Solving polynomial coefficients to minimize square error

[tomizzo]

Hi there,

I'm working on a problem right now that relates to least squares error estimate for polynomial fitting.

I'm aware of techniques (iterative formulas) for finding the coefficients of a polynomial that minimizes the square error from a data set. So for example, for a data set that I believe is a first order polynomial, y(x) = a0 + a1*x, I have a method for finding the coefficients of a0 and a1.

However, what if I were to make an assumption about one of the coefficients, specifically, let's says I want a0 = 0. The question is then, let's find y(x) = a1*x, such that a1 minimizes the square error.

How would I go about solving this? The only method I know attempts to solve for a0 and a1, yet I'm making an assumption about a0 = 0, and am attempting to find a1.

Does anyone know how to solve this problem? Or if there is a general solution to solve this?

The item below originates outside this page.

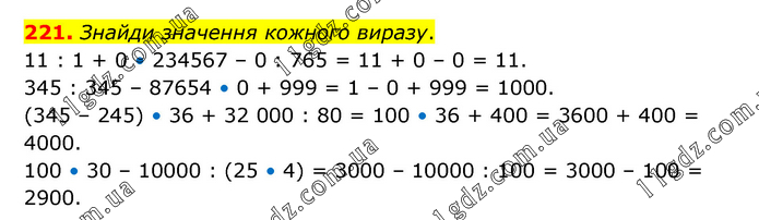 Знайди значення кожного виразу. 11 : 1 + 0 • 234567 – 0 : 765 = 11 + 0 – 0 = 11. 345 : 345 – 87654 • 0 + 999 = 1 – 0 + 999 = 1000. (345 – 245) • 36 + 32 000 : 80 = 100 • 36 + 400 = 3600 + 400 = 4000. 100 • 30 – 10000 : (25 • 4) = 3000 – 10000 : 100 = 3000 – 100 = 2900.

I believe the problem is really a calculus of variation problems, and I simply do not know the math.

TLDR - What is the method for solving for polynomial coefficients (in a least squares sense), while being able to make assumptions about certain parameters.

 

[Mark44]

Hi there,

I'm working on a problem right now that relates to least squares error estimate for polynomial fitting.

I'm aware of techniques (iterative formulas) for finding the coefficients of a polynomial that minimizes the square error from a data set. So for example, for a data set that I believe is a first order polynomial, y(x) = a0 + a1*x, I have a method for finding the coefficients of a0 and a1.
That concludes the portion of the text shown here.